As part of our recent exhibition “350 years of science”, we asked visitors to fill in a card naming their scientific hero. Of a total of 141 responses, sadly only 15 were for women – a meagre 11%. Perhaps this is not entirely surprising, as the Royal Society’s history is heavily skewed in favour of male scientists (we only started electing female Fellows in 1945) – and this blog is also guilty of showing a distinctly male bias in its subject matter too. However, since the ‘forgotten’ women of science have been in the news recently – started by an article by Richard Holmes in the Guardian  and continued by Alice Bell on her blog – I thought this would be a good time to give the ladies a look-in, and see which female scientists our visitors were promoting.

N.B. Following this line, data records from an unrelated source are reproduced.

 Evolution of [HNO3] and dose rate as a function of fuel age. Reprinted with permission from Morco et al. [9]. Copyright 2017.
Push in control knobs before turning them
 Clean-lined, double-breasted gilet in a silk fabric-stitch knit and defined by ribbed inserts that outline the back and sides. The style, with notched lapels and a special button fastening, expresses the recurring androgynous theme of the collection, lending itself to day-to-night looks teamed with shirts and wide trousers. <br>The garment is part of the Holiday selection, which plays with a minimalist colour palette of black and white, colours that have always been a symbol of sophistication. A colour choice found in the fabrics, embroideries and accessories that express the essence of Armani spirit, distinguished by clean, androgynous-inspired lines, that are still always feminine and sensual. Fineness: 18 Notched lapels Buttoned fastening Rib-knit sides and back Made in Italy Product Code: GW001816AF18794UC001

Perhaps not surprisingly, the names mentioned most frequently were Rosalind Franklin and Marie Curie, with 6 and 3 votes respectively. The other 5 names, with a single vote each, were Caroline Herschel, Emmy Noether, Eunice Brayshaw, Susan Greenfield, and Vera Rubin.

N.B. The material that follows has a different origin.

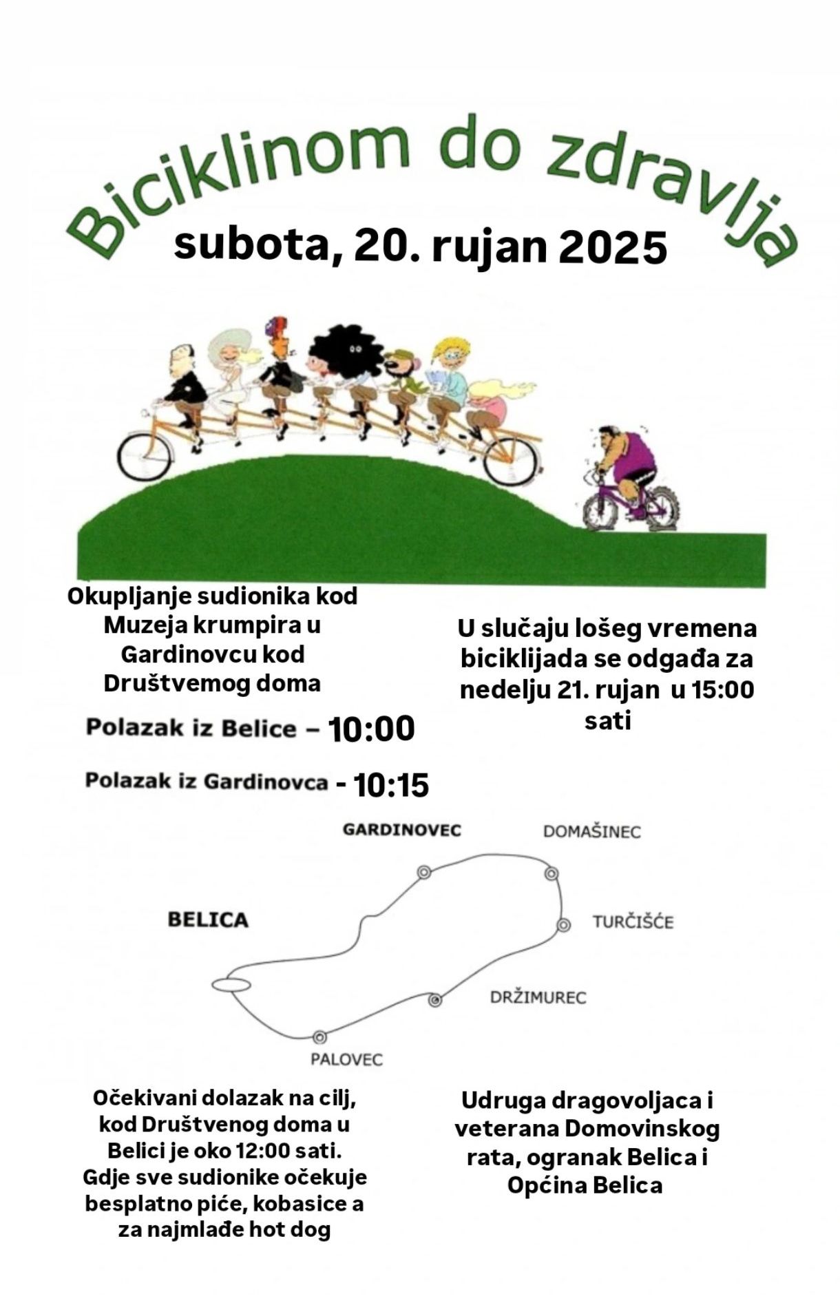U slučaju lošeg vremena, biciklijada se odgađa za nedjelju, 21. rujna u 15 sati.

Interestingly, in 1996 Vera Rubin was the second ever female recipient of the Royal Astronomical Society’s Gold medal; the first was Caroline Herschel in 1828.

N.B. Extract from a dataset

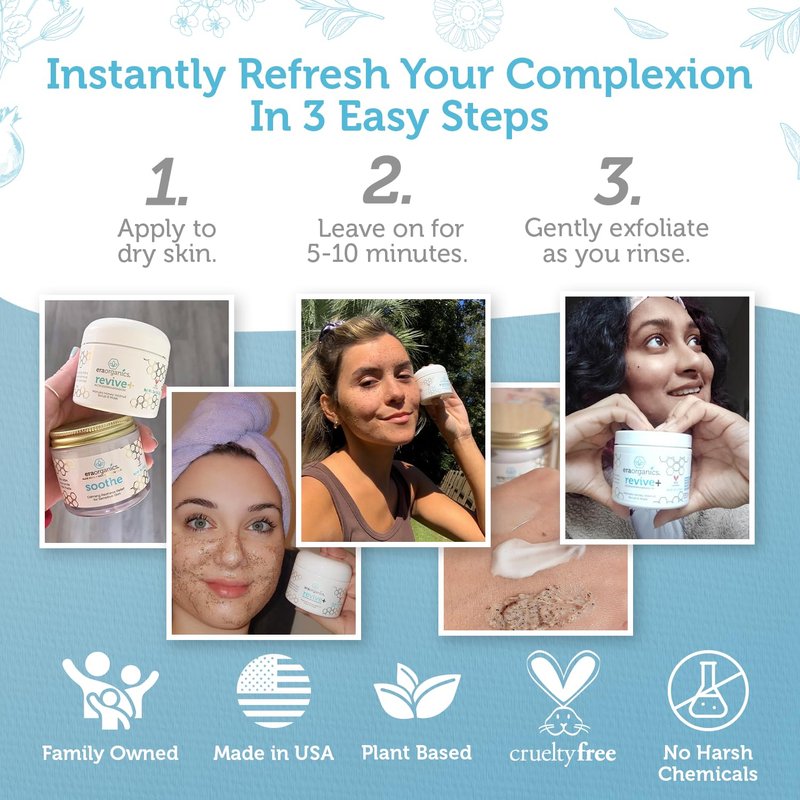 A treatment you can get at home. Our organics microdermabrasion exfoliating scrub and facial mask will help give you a glowing, beautiful looking complexion at a fraction of the price. We produced the highest quality botanical sugar scrub you'll find anywhere. ingredients include Aloe Vera, helps moisturizes the skin and boosts rejuvenation; Manuka honey, balances the skin's pH, detoxifies, stimulates healing and boosts the skin's immune system; Walnut, dislodges dirt and dead skin cells; Sugar Cane helps the effectiveness of the walnut; Vitamin C potent antioxidant that greatly helps prevent premature aging. Cheaper treatments use primarily harsh shells which rip and damage skin, our facial exfoliator is the most gentle and effective way to help remove dead skin, restore and recover for the most radiant look you'll ever get. Helps minimize and cleanse pores, reduce fine lines and wrinkles on face, hands and body. Can reduce blemishes and help prevent breakouts while also calming embarrassing acne scars without the need for dangerous chemical peels. This exfoliating age defying mask will leave your skin smoother looking, while hydrating to restore and replenish your skin’s youthful look. If you're looking for the best skin treatment, here it is. Get yours.

Even within such a small sample the comments ranged widely, covering ground from moving tribute, “Marie Curie: science cost her everything”, to humorous summary, “Caroline Herschel: number one space chick”. I was also interested to see that historical as well as current names were mentioned.

However, my favourite comment was that left in support of Eunice Brayshaw: “Taught by Rutherford and then taught me physics at school – inspirational, talented and enthusiastic”. I have no idea where Eunice ended up teaching, but it she sounds like she left a real impression, and I’d love to find out more about her. (If you wrote this message and would like to let us know more about her please do get in touch!)

Those of you who are good at maths will have noticed I said there were 15 votes for women, but I’ve only mentioned names for 14 of them. By way of celebrating all the unsung heroines behind the scenes of science, the final vote gave a shout out for “the women who gave birth to all the heroes”!